Tonight was my youngest sisters end of the season swimming banquet. It’s a fun night. People get sort of dressy. We get to see what the team really looks like without a swim cap and goggles. Trophies, plaques and other awards are handed out. I’m the oldest of four girls. We all swam in high school. I graduated 11 yrs ago. The same coaches are still there. We’ve been to many of these banquets. It was sad and exciting to see her swim this last season. She is fast. Very fast. Breaking school records. Making it to the State level several years. Fast. Much faster than any of us. But it was sad to think that I may not be at a pool watching a meet again for a long time.
Well anyway… I didn’t get to stay for the banquet.
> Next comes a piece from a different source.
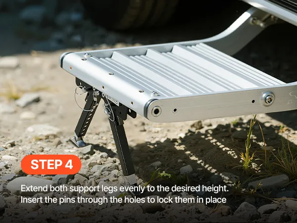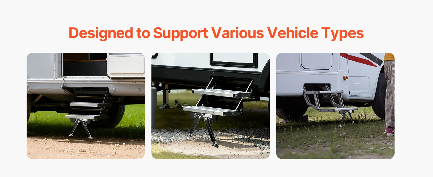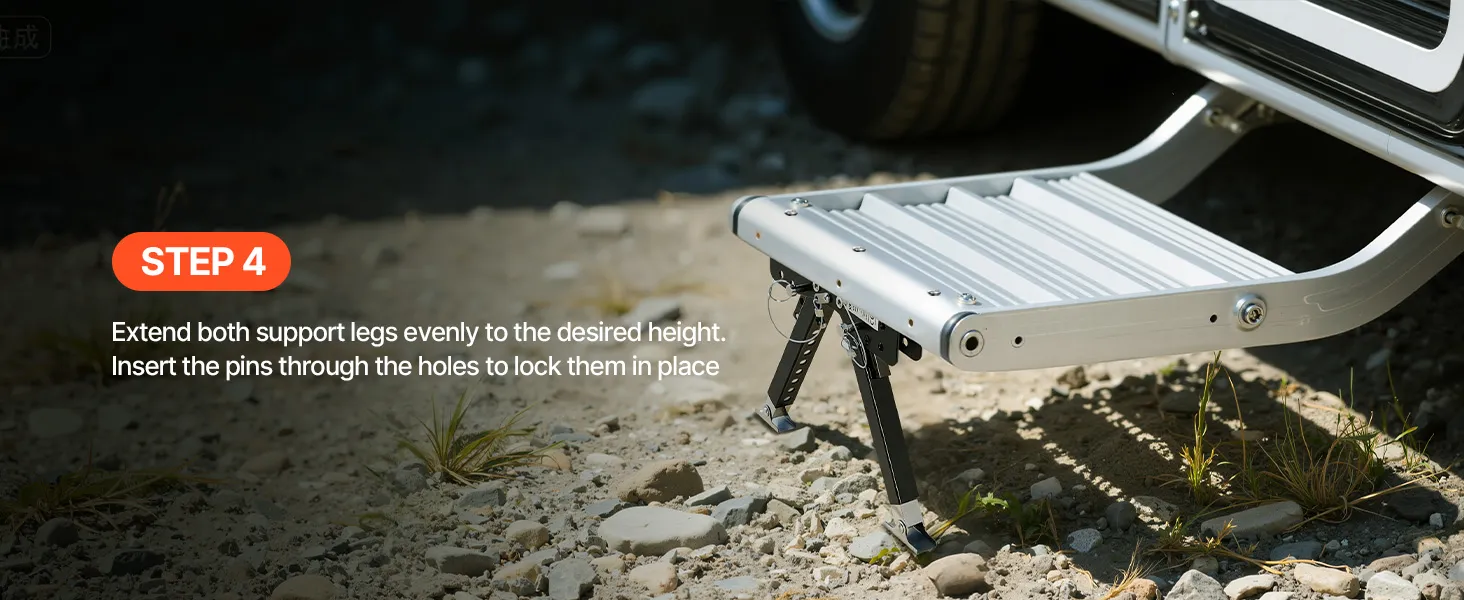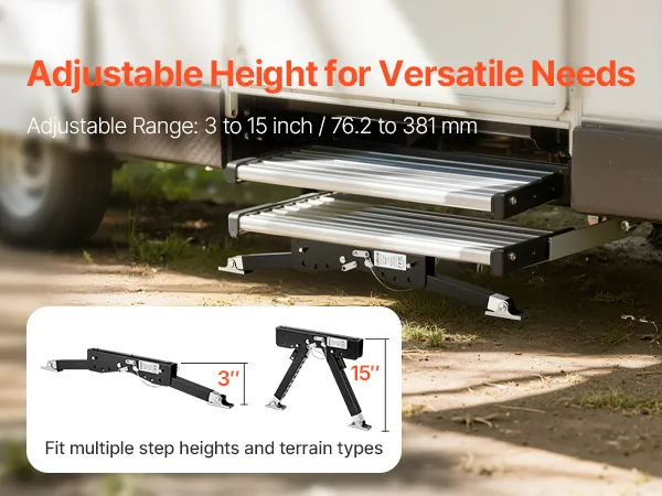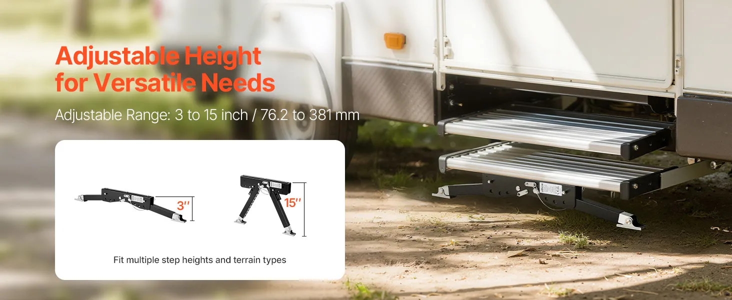Gradini regolabili in altezza: grazie al robusto stabilizzatore per gradini per camper, l'altezza dei gradini può essere facilmente regolata in base alle diverse superfici. L'intervallo di regolazione è compreso tra 76,2 e 381 mm

I got to stay for exactly 5 minutes of the meal. (and wow! it was a goood meal!)
Imagine the evening…
Miss L snug and cozy all wrapped up in the wrap about to fall asleep.
Me snarfing the amazing dinner.
Mr. A kneeling on his chair next to me, dipping his bread into the butternut squash soup, and licking it off. He, maybe, took a bit or two of it… mostly just licking.
he starts to cough. I know this cough…
this isn’t going to be pretty.
Coughing so much he’s gagging. AND making disgusting noises. Which I, normally, would be horrifically embarrassed by, but ehh, didn’t phase me tonight… must be 2.5 yrs of mothering. (…but now that I think about it, others may not have been able to finish eating after sitting at the table with us… sorry guys. Maybe we should come with a warning.)
He did this at dinner last night.
But at least then we were at home.
I cup my hands under his mouth. Tell my sister who is sitting on his other side to pick him up.
We start doing a side-ways-run out of the room, around the corner and down the hall. Heading for the bathrooms.
As we go, my sister says and laughs… “we keep passing trash cans!!”
I’m just thinking, “I don’t want a trash can, I want a sink to wash my hands!” all while laughing as we do this funny run.
I’m sure many ppl watched.
Miss L just laid on me, sucking her fingers.
Right as we near the bathroom I notice the food line is now long enough to be past the restrooms, so I say with a smile “EXCUSE US!” and see a horrific look on a, probably middle school, girls face. Then I look down and see how much of a mess I’m holding in my hands and that it is, in fact, now dripping.
Thank goodness my family was there to help. (hubby was at Bible study and missed out on our “fun”)
Thank goodness I was familiar with the building. (and knew where the restrooms were!)
Thank goodness no one cried.
Thank goodness Miss. L wasn’t phased a bit.
Thank goodness I had spare clothes for him.
Thank goodness the are both in bed and quiet now.
Kids are messy. You do what you gotta do.